3. Introduction to OMS3
The Object Modeling System (OMS3) is a pure Java, object-oriented
lightweight modeling framework.
OMS allows model construction and model application based on
components.
It is a collaborative project active among the U.S. Department of Agriculture
and partner agencies and organizations involved with agro-environmental
modeling.
The lightweight of the framework consists mainly in the use of annotations in
the code.
4. The 3 steps in modeling
Basically OMS3 supplies a set of annotations to put on the code to describe
it and to mark fields and methods through them.
As in most generic modeling frameworks, the three main steps are:
• setting model resources and parameters
• executing the model
• freeing model resources if necessary
In order to make the framework understand what has to be used as
parameters and what as methods, we just need to annotate them. The
upside is that we can structure our code as we like, using our own way of
naming of variables and names.
5. The few important things that need to be kept in mind are:
• input and output fields have to be set public and annotated with @In and
@Out
• the method that executes the model, has to have no return value, no
parameter and be annotated with @Execute
Annotation example of input and output fields:
@Description("The map of digital elevation model (DEM).")
@In
public GridCoverage2D inElev;
@Description("The vector on which to calculate the profile.")
@In
public SimpleFeatureCollection inVector;
@Description("The profile.")
@Out
public double[][] outProfile = null;
6. Example module execution method:
@Execute
public void process(){
// execute your module here
}
Example for the resources freeing method:
@Finalize
public void free(){
// free resources before shutting module downw
}
7. Introduction to the uDig's Spatial Toolbox
The Spatial Toolbox is a frontend for GIS users, a graphical user interface
that can load any OMS3 annotated module.
Mouse clicks, region settings, raster resolution and all (most) needed GIS
notions are supplied to the widgets automatically. Annotations give hints.

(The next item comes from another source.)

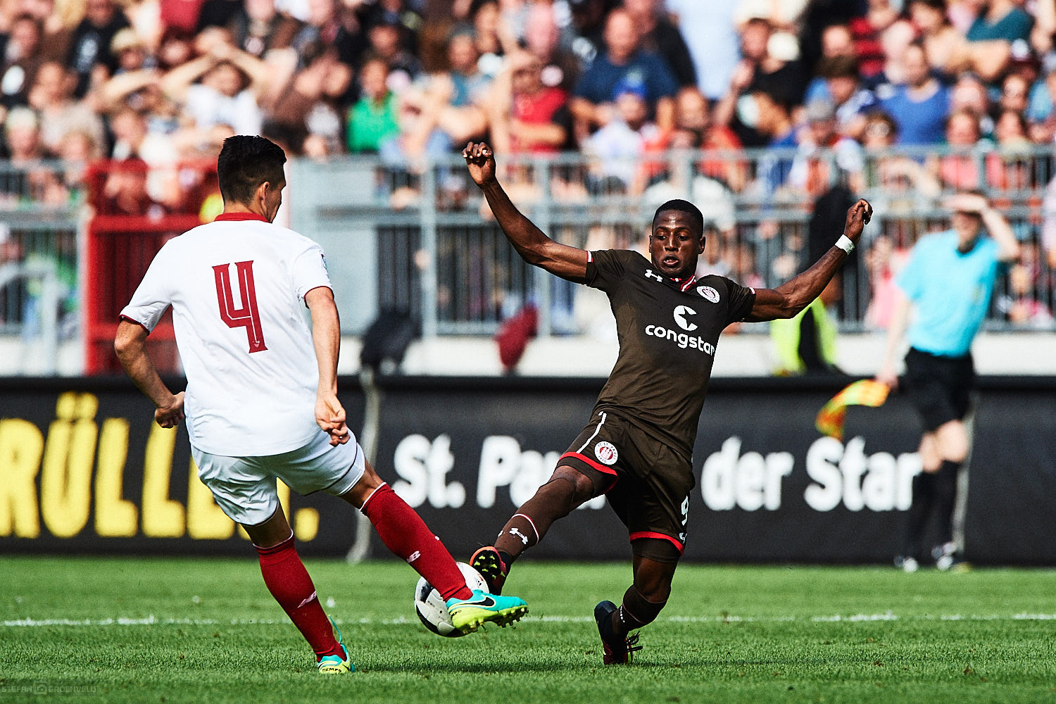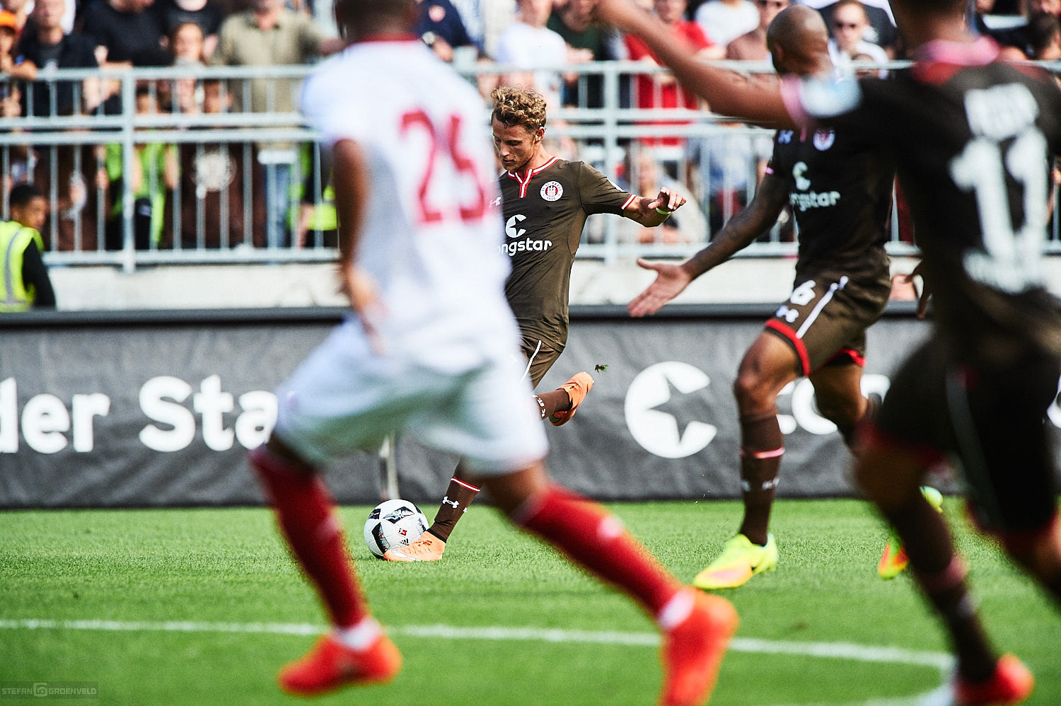 4-4-2, Flügelläufe von Vegar Eggen Hedenstad, Aziz Bouhaddouz im Stile einer Bulldoge mit feinen Füßchen, Fafa Picault als Renner zwischen den Fronten – alles schön anzusehen. In der Abwehr gab es noch kleinere Abstimmungsproblemchen zu sehen, aber nichts, was Angst macht. Einzig Christopher Buchtmann erschien mir etwas unglücklich, weil er in der Mitte eigentlich das Spiel leiten sollte, dies aber viel zu oft schon früh über die Außen lief. War aber vielleicht auch nur ein Eindruck von mir. Schließlich bin ich kein Trainer und weiß nicht, was wie geplant war. Ewald Lienen hätte bestimmt wieder was zu erzählen gehabt.

The gui labels and documentations are responsability of the module
developer/maintainer.
8. User Interface built through the OMS3 annotations
ClassName
The Class name is not an annotation, but anyways important, since it results
in the name of the module. Choose it carefully.
9. @Label
The Label is a class annotation that is interpreted as a category. It is useful
to group various module in categories and subcategories (separated by
slash: / ).
10. @In/@Out
In and Out are field annotations that are used to define whether a field
should be handled as input or output. In the gui this can result in separate
tabs:
11. @Description
The Description annotation can be used for both classes and fields. In the
case of fields it is used as the text for the fields in the gui. In the case of
classes, it is used in the documentation page.
12. @Units and @Range
The Units and Range annotations are field annotations that add descriptive
text to the gui.
14. @Status, @Name, @Author, @License, @Keywords
Additional annotations, if available, are used in the gui as additional
information for the documentation.
15. @UI, the annotation that makes the gui smarter
The UI annotation is a field/class annotation that aims to make the gui
smarter. Its content is not standardized, and can be interpreted by the gui
generators to make the widgets more interactive.
@UI("infile")
Identifies a field that will contain an input (has to exist) file. The textfield
should present a button to browse the filesystem in open mode.
16. @UI("outfile")
Identifies a field that will contain an output (parent folder has to exist) file.
The textfield should present a button to browse the filesystem in save mode.
@UI("infolder")
Identifies a field that will contain an input (has to exist) folder. The textfield
should present a button to browse the filesystem in open mode.
17. @UI("outfolder")
Identifies a field that will contain an output (parent folder has to exist) folder.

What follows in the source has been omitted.